Are You Overwhelmed By Debt?

Why or how do so many people get into trouble with debt? When does it become a problem? There are so many reasons, such as job loss or, health problems, but overall it is a disconnect between income and spending, and not enough focus on financial management.

I’d like to share a few simple ways to reduce your debt and help to minimize its use in the future. If you keep it simple, you are more likely to be successful.

Stop incurring more debt: You can’t get out of debt if you are still using your credit cards. Do not increase your debt or you will never get out.

Emergency fund: By building up an emergency fund, you are less likely to take upon more debt for something unexpected. For now, it can be around $1,000 to start. Ideally, you will want to work towards 3 to 6 months worth of expenses, but it doesn’t make sense at this point to save $10,000 and simultaneously have a $10,000 credit card balance.

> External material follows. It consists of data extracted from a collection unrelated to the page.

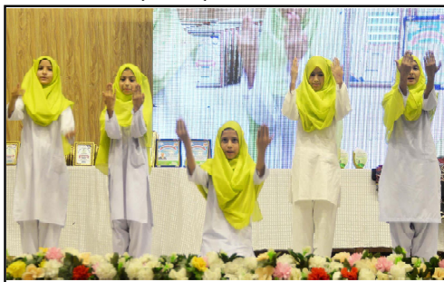
HYDERABAD: Students present a tableau during a ceremony "Salam Teacher" on the eve of World Teachers Day, organized by Government School Teachers Association.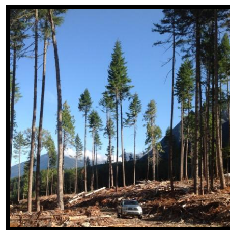
These retained trees will provide future owl habitat

Lil'wat built approximately 15 kilometres of road and was responsible for the maintenance of 102 kilometres of road permit roads and 24 kilometres of forest service road during the audit period. Auditors examined all of the new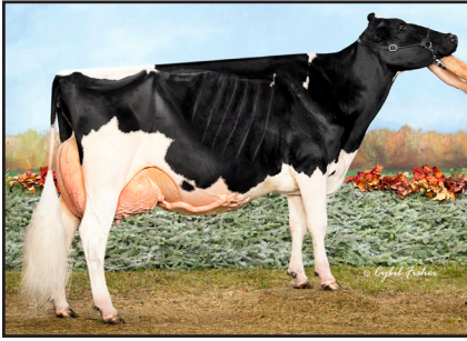
Walk-Era Dundee Annelise "EX-95" (Dam of Lot 58)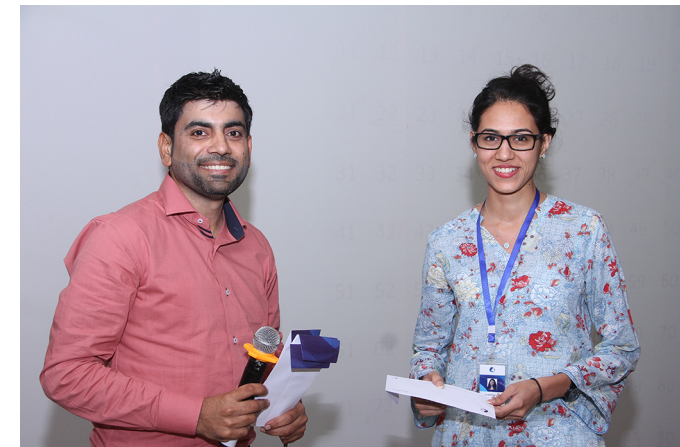
Prizes were handed out after the activity Chemicals & Agri Sciences Team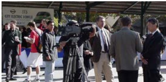
President Ishida being interviewed by one of four local TV network affilates that covered the event

These are the types of questions the new study should help answer.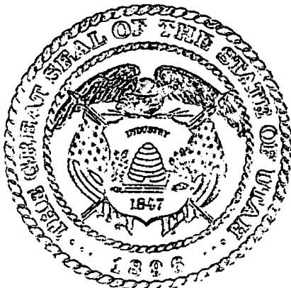
GREG BELL Lieutenant Governor

IN TESTIMONY WHEREOF, I have hereunto set my hand and affixed the Great Seal of the State of Utah at Salt Lake City, this 23 rd day of December, 2009.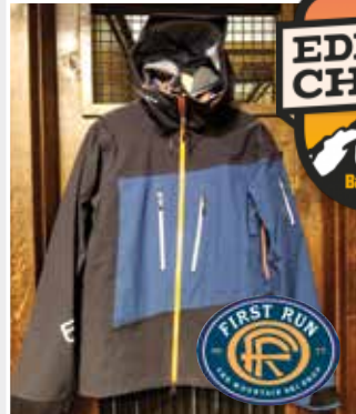
Ortovox Men's Guardian Shell Jacket Ideally equipped for any condition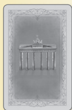
Card Back Development Cards

Budget: If you are serious about reducing your debt and improving your financial situation, you need to take the time to make a budget. You can use software, such as Excel or Quicken, but a very simple and effective way is to use envelopes. For example, if you are paid weekly by your employer and spend an average of $200 a week on groceries, then place $200 in an envelope labeled groceries. When you go food shopping, bring this envelope so that you can only spend$200 or less. This can be done with all other expenses. It is simplistic, but if it is done right it is extremely effective. My father taught me this one.

Know what you owe and prioritize: Make a list of all of the debts you owe, including credit cards, auto loans, equity loans, mortgages, student loans, etc. Now you need to work at chipping away those debts. The rational place to start is with the highest interest debt, but I don’t recommend this. You should actually try to pay off the smallest balances first because it will give a sense of accomplishment. Once the smallest is paid off, then use that payment toward the next balance. Finances are extremely psychological, as most of our financial decisions are emotional-based.

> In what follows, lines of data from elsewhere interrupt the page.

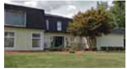
Waterfront! Docks UNDER deck! 2nd Living Qtrs! $569,900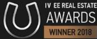
COMMERTIAL INTERIOR OF THE YEAR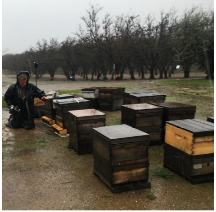
In this orchard in Durham, the water had risen above the hive entrances, but we were able to drag the hives up onto slightly higher ground.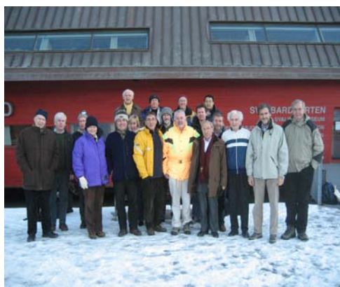
IPY Joint Committee, UNIS, Svalbard, September 2006

The IPY Joint Committee (JC) held its fourth session at UNIS in Longyearbyen, Svalbard, 26-28 September, 2006 – the first JC meeting to take place in the Arctic. The main discussions focussed on the launch event, national events, data coordination and funding.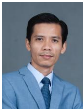
SIENG Deline Partner

D +855 23 963 112 / 113 F +855 23 963 116 hout.sotheary@rajahtann.com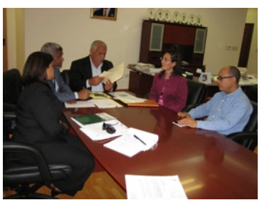
Meeting with Environment Minister of the Dominican Republic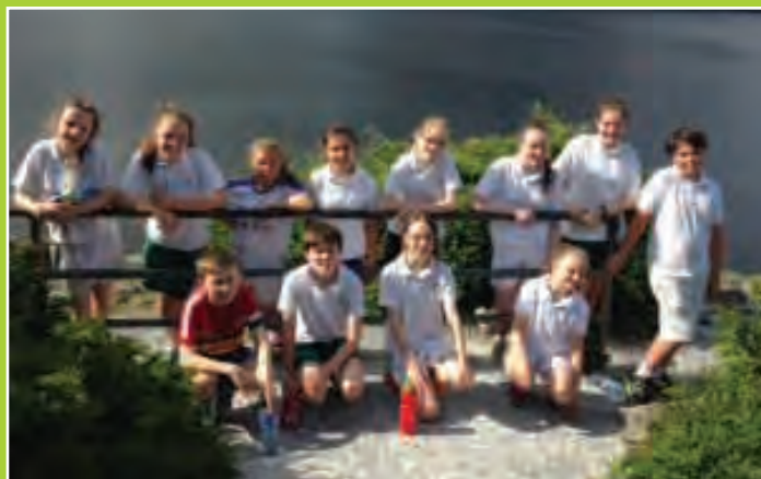
Couch Potato to 5K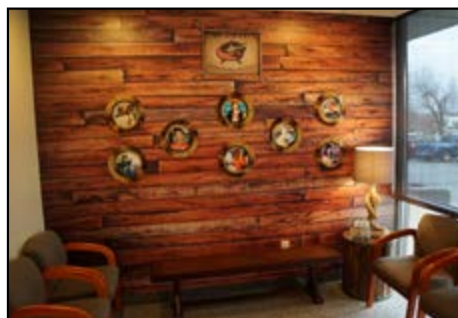
View from the new Lobby

Recently, KidSMILES was featured at the Columbus Blue Jackets Foundation annual fundraiser for its accomplishments. The Lady Blue Jackets, the wives and girlfriends of the players, held their annual fundraiser "Blue Jackets Favorites Basket Auction" and used the proceeds to do an extensive makeover of the KidSMILES clinic. We are extremely grateful to the Columbus Blue Jackets Foundation and the Lady Jackets for their support and partnership that allows us to help the dental needs of Central Ohio children!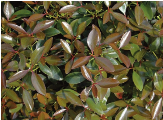
LeAnn™ Japanese ternstroemia

Most retailers still sell this plant under the genus name Cleyera . In the past, Ternstroemia was primarily grown from seed, which resulted in a great deal of variation in habit that was not good for formal hedges. Several nurseries select and propagate improved selections from cuttings. Some of these new selections include LeAnn™ and Bronze Beauty™. The new foliage on many of these is an attractive deep red, somewhat reminiscent of redbud photinia. Most of these tend to be rounder than redbud photinia with a mature size of 9 feet tall by 9 feet wide. The growth rate of Ternstroemia will not be as fast as some other hedge options.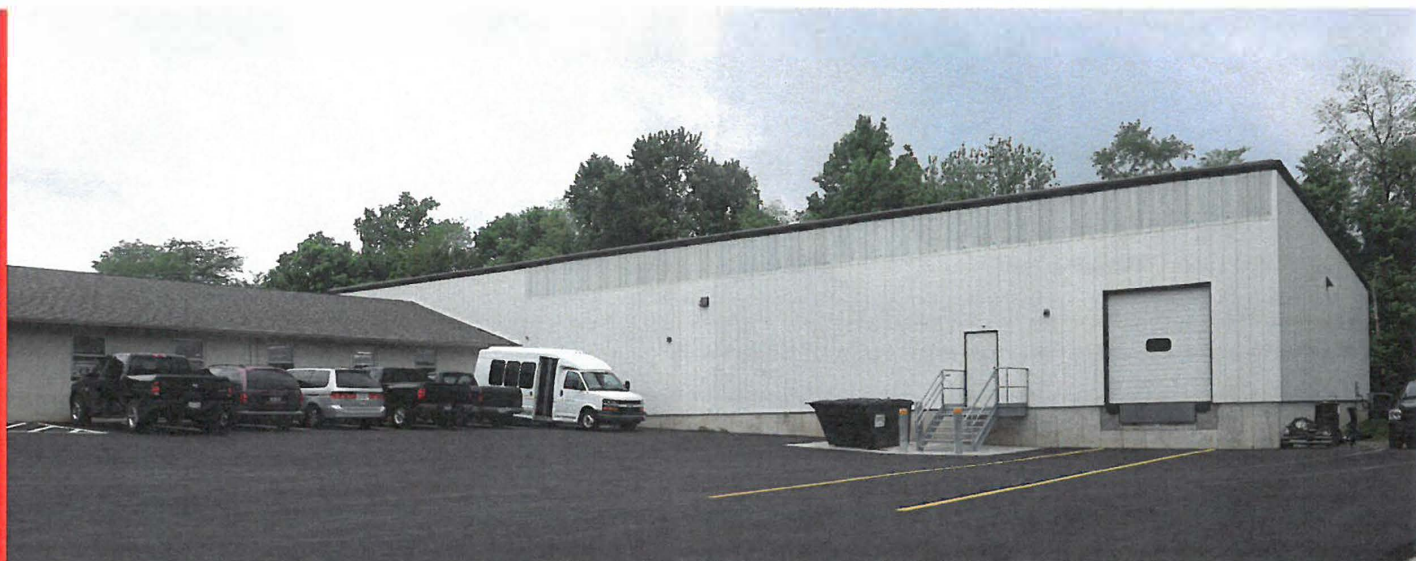
REAR ELEVATION OF BUILDING ADDITION AT FELLOWSHIP TRACT LEAGUE

These few steps are a good place to start to manage and reduce your debt. If you are serious about debt elimination, you will not look for shortcuts, but rather ways to increase your income to pay off your debt sooner and take control. Focus and simplicity are the keys. If you need more help you can contact my office. Additionally, there is an excellent book on this topic that parallels my thoughts on debt, entitled “The Total Money Makeover” by Dave Ramsey.

Is Debt Really That Bad?

Is it bad to have debt? Should you pay off your debt early? What about credit cards? These are all questions to consider regarding your personal and business finances. Let’s take a look at the good and bad.

If you view debt as a financial tool to help you to achieve your goals, then debt is a good thing. Some benefits of debt:

  • Virtually all homeowners take out a mortgage when purchasing their first home; otherwise they most likely would not be able to purchase a home.
  • A loan for your business may help you to expand your business to help it grow, such as an equipment loan or a line of credit to use during lean times.
  • By using debt it may help you to conserve your cash so you do not have to deplete your savings to purchase a vehicle, for example.

Now, the ugly side of debt:

  • If the interest rate of your debt is very high, then you may end up paying much more than the original loan balance. This may be true with credit cards.
  • Debt payments that are too high compared to your income will put a strain on your finances.
  • If your income goes down for an extended period of time, while having a lot of debt, may result in bankruptcy, foreclosure, and a poor credit score.